Time management umm lets see I use to suck at this. I would put off homework till the last few hours till it was due. I did all thru high school till I dropped out. I still did this last semester. So far this semester I’ haven’t had a later assignment besides in this class because I was sick. Now so I don’t forget to do my homework I do most of it when I get home from school. If I don’t do it then I don’t let myself forget. I’m always remind myself that I have a paper due Monday or a test Tuesday or I have to read chapter 2 or something like that. The best strategies that work for me is probably not forgetting about it and to stay on top of things because if you lose track you can get behind. In my spare time since I have a lot of it besides doing homework I mostly stay at home or hangout with friends mainly Talli, my best friend. We watch TV most he time but there are the few occasions were we go out to a party this happens at least once to twice a week mostly on the weekends. I’m trying to find a job but its hard when I don’t want to work in fast food. I wish I had a job then I wouldn’t be bored all the time. When I’m not hanging out with friends I use to play games on my laptop but that was before Talli’s pretty little dog chewed my charger up. So now I read a lot of books when I not studying.

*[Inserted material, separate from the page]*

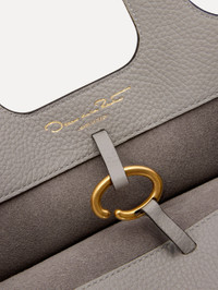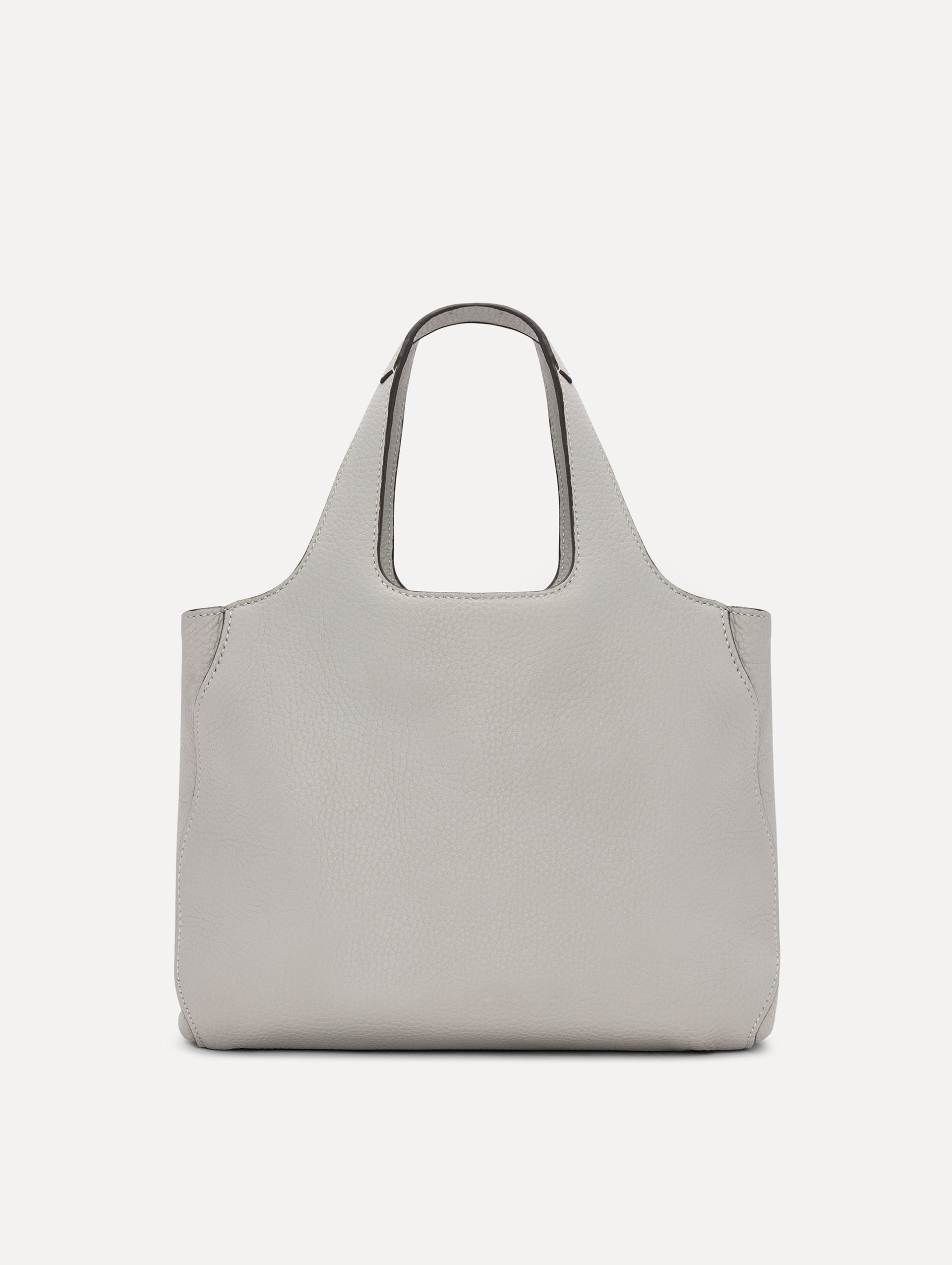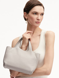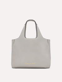 Crafted from full-grain pebbled leather, this petite version of a classic style seamlessly blends elegance with versatility. The bag can be worn with two distinct looks - Either open, allowing for its spacious interior to accommodate all of your daily essentials or clasped at the top for additional security. Detailed with Oscar de la Renta's signature O at the clasp, this tote subtly showcases the brand's heritage, with the curved seams of the bag echoing the graceful curvature of the logo. Details - Dimensions: 22.5 cm x 8.5 cm x 18 cm - Weight: 380 grams - Top Handle Drop Length 12.5 cm - Top Handles - Logo D-Ring Closure - Unlined - Spot Clean - Made in Italy - Style Code: 00NH167PLT_GRI Materials & Care - 100% Calf Leather

my changes in the last year

I’ve dealt with a lot of changes in the last year. To start it off last April I ended the almost five year relationship with my boyfriend. It was hard to deal with for a both a month. I had to deal with my ex crying almost everyday or if he wasn’t crying he was making me feel like a piece of shit. It was hard then I thought I was over him and tried to move on but I kept comparing every guy next to him. I played with a great guy's emotions because of this. I’ve also had the hardship of going back to school after dropping out. I ended up getting depressed and dropping out fall semester because many things. One of the main things was my first job and my grandma’s business burned down. It was a ruff time for a few months. I spent most of December in my bed blaming all my problems on myself when I knew that wasn’t true or right. I’m still trying to deal with the break up of my boyfriend of four years. We have a better relationship than we had before. I have a problem though I always think he’s going to be there for me. He will when he can but he is trying to move on too and he just can’t drop whatever he’s doing to come help me. Now after a wild and long year I’m at the begging of a new one. This year I’m focusing on my school work and trying to find a job. Maybe I’ll think about a relationship towards the end of the semester but not now.